So say you're walking in the park and appreciating it--it isn't over-the-top happiness, it isn't profound awareness, but it's pretty good. Then your cell phone rings. (We're assuming that, like many of us, you're foolish enough to take your cell phone on a walk in the park.) It's the significant other you've been thinking about, calling from another state where she (for the sake of argument) has been for a week on business or whatever, and she isn't due back for two more weeks. You're glad to hear her voice. She says she misses you. You sense that she expects you to say, in return, that you miss her. But what if you aren't missing her? That doesn't mean you don't love her. It's just that on this pleasant walk in the park, you aren't particularly missing her. It might be better if she was there, but she isn't, and she can't be, and she won't be, and it's still a good walk in the park without her. If you say, "I miss you, too," you're lying, and there's a flat dullness to that kind of little lie--it sours the moment; enough lies like that, and it sours the relationship. (As someone once said to me--a line I later stole--"Never say 'I love you' when what you mean is 'Good morning.'")

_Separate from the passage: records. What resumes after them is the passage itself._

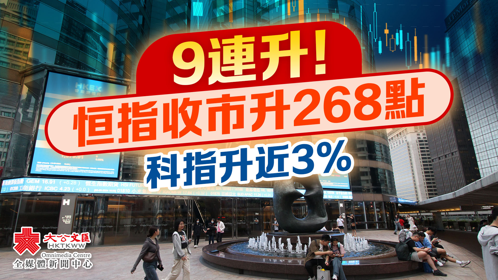 大公文匯全媒體報道,港股延續升勢,再升逾200點。恒指今日(3日)高開336點,早段曾升397點,高見18604點,其後升勢回順,收市報18475點,升268點。恒指9日連升2251點,創2018年以來最長連漲紀錄。科指升2.7%,報3971點。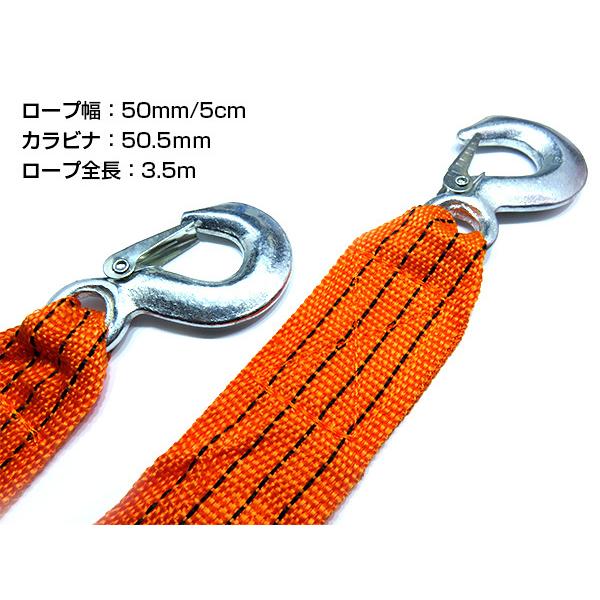 フック付き 牽引ロープ 3t 3トン 3.5m けん引ロープ 50mm幅 5cm オフロード レスキューロープ カラビナ シャックル オレンジ 固定ベルト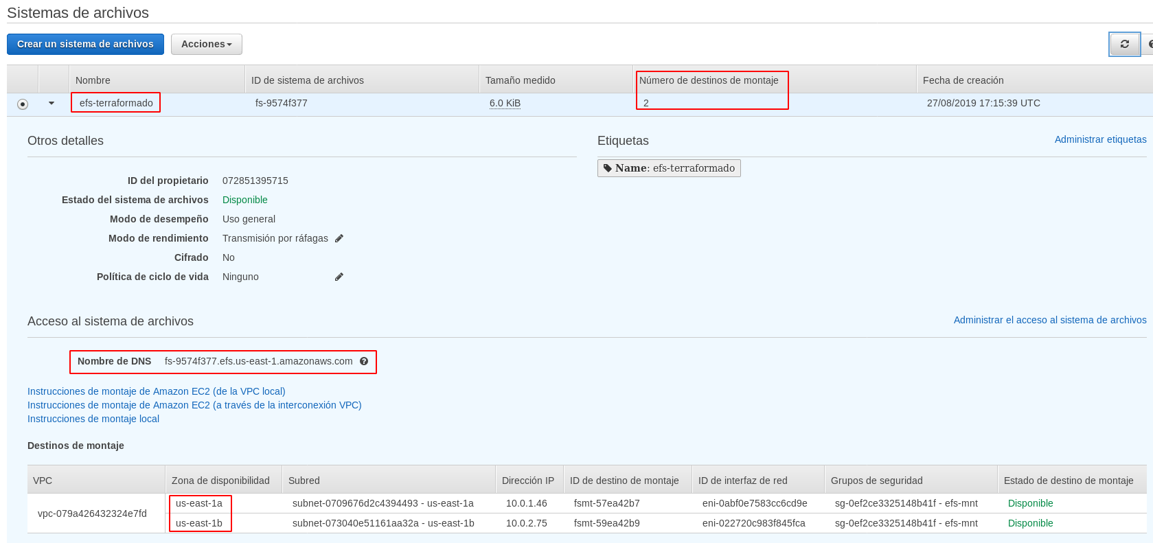 Ya tenemos levantada nuestra arquitectura, podemos observar el proceso y el resultado en la consola de aws, por ejemplo les dejo dos imágenes de los recursos EC2 y EFS: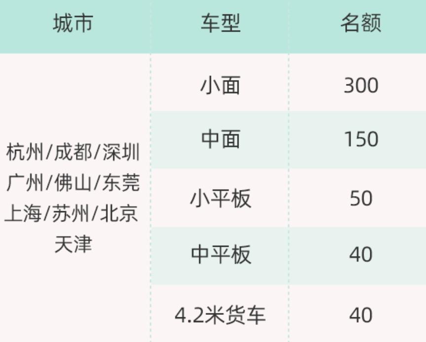 但滴滴并未开放大量名额,目前,滴滴货运在每座城市的司机注册名额只有580个,其中,小面和中面是主要的招募车型。
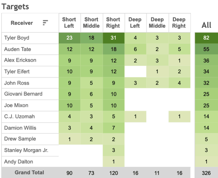 They are 3.5 point underdogs at the time of this writing, so the game could be close even though the Bengals haven’t tallied a W this season. Under Dalton, Cincinnati passed at the highest rate in the entire league when sitting within one score. They sported a 68-32 pass-run split during that time frame.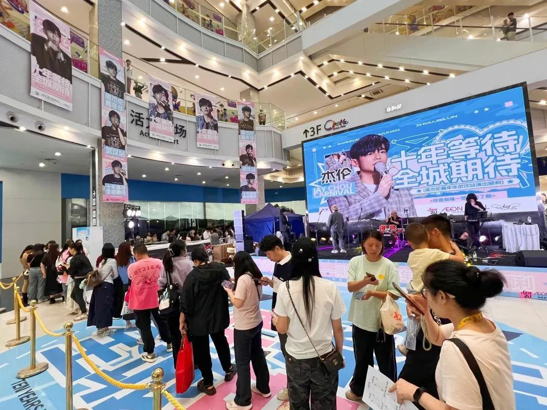 武汉经开万达广场距武汉体育中心仅一街之隔,是“杰迷”观演路上距离最近的“补给站”。在武汉经开万达广场,“周董”巨型爱心气模空降中庭广场,限定店每日开放应援打卡,各类官方周边、应援福利应有尽有。武汉经开万达广场市场经理厉长威说,9月27日一天接待9万多市民,同比增长55.7%;销售额近300万元,同比增长25.58%。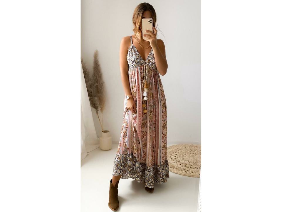ดอกไม้ผ้าไหมแขนกุดสไตล์โบฮีเมียนเชือกแขวนคอ Y2K สไตล์ตะวันตกหวานจุดเขตร้อนวันหยุดพักผ่อนขนาดฟรีไซส์ซักได้สำหรับปาร์ตี้ยาวถึงพื้นธรรมชาติ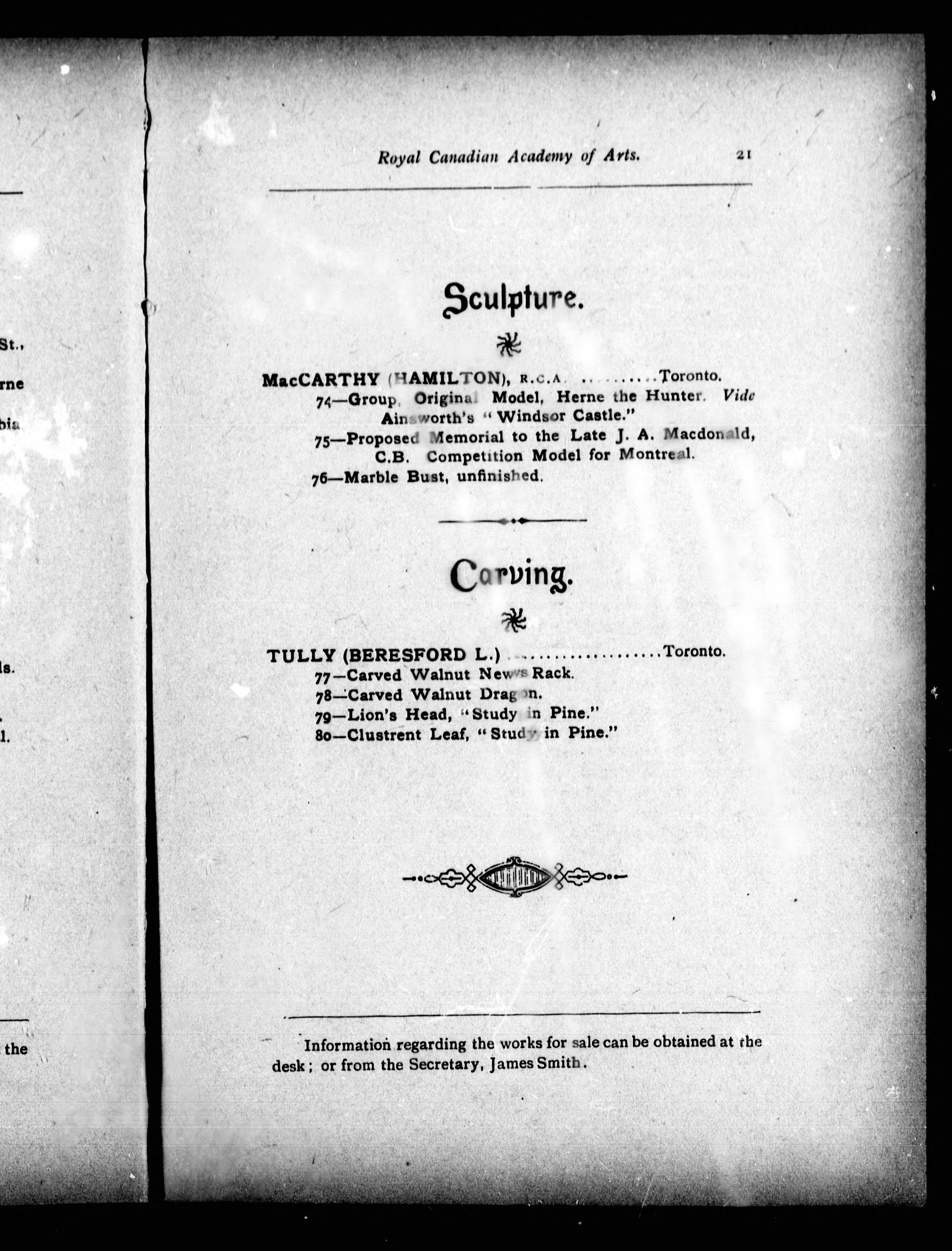 Catalogue 1895 : sixteenth annual exhibition, opened on the eighteenth day of April, in the Art Gallery, King St. West, Toronto. - Adresse bibliographique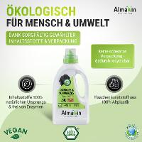 AlmaWin detergent for darks and blacks is particularly gentle on fibers and colors. So that blacks stay deep black - without any fading or detergent residue on the laundry. It imparts a lemony-fresh verbena fragrance so that you can enjoy your "little black dress" for a long time!  The formula with soap nut extract contains no enzymes and is free from synthetic fragrances, colorants and preservatives. The detergent is vegan, eco-certified by Ecogarantie and successfully dermatologically tested. This guarantees good skin compatibility.

So she says "I miss you" and you don't want to say "I miss you, too" because, at the moment, you don't. But if you say, "I don't miss you," you're in trouble, and you're hurting a person you don't want to hurt. What's "missing" anyway? It's a feeling that leaves a hole inside; it's a feeling that says, "The present circumstance isn't enough, even though it's all you have."
Missing is usually a sense of incompleteness, a lonely insufficiency of the self; when acute, missing can even feel like a kind of panic. Either way, missing arises out of a feeling that's more profound: longing. But longing--if you allow yourself to long for someone, if you appreciate the depth of the feeling--can be a lovely sensation. Missing leaves a hole; longing can feel full. You feel the longing filling you up, expanding your heart. And "I long for you" is so much more romantic than a perfunctory "I miss you, too." (If you actually do long for her, as a sort of constant undertow when she isn't around.)
It's difficult to appreciate missing, but not as difficult to appreciate longing. Missing whisks you out of the present circumstance; but a recognition of longing deepens and nuances the present circumstance. Again, it's that small thing, appreciation--to appreciate the moment you're actually experiencing, instead of faking a feeling you aren't having or allowing yourself to be preoccupied with missing a moment you aren't experiencing.
"Be here now" is pretty vague. "Appreciate, and don't fake," that's concrete. You may or may not be able to do it, but at least you know what it is. It may take time and trouble to learn how to do it, but at least you know whether you're doing it or not. "Do I appreciate my circumstances? If not, why not?" That's at least a starting point. "Do I do a lot of faking?" That's at least an answerable question. It may take a lot of work to answer it thoroughly, but it can be answered. Maybe you need the help of a therapist to answer it. Maybe you can figure it out, sooner or later, on your own. Either way, through these questions, you enter a mental and emotional territory the poet Rilke described: " Live the questions now. Perhaps you will then gradually, without noticing it, live along some distant day into the answer."
But it isn't so easy to "live the questions" in a multimedia, interactive era of cell phones and pagers in which we're expected to be constantly available--I've called it "The Age of Interruption." We've even devised nifty gadgets for interrupting ourselves, and never letting the present speak to us on its own terms. The iPod supplies a constant soundtrack wherever you are--background music to force the present into whatever mood, or pastiche of moods, you programmed into it. (We may not experience this as a form of interruption, but that's what it is, albeit self-induced.) For many of the young, cell phones and iPods are taken for granted, almost as biological appendages, and their concept of "the present" involves instant electronic connection to their friends and family at all times. Meanwhile, in our big cities, it's hard to be out of sight of some ad that exists for no other reason than to wrest your attention from the present to something you can buy. Life now is a kind of cacophony that's difficult to turn down and almost impossible to turn off.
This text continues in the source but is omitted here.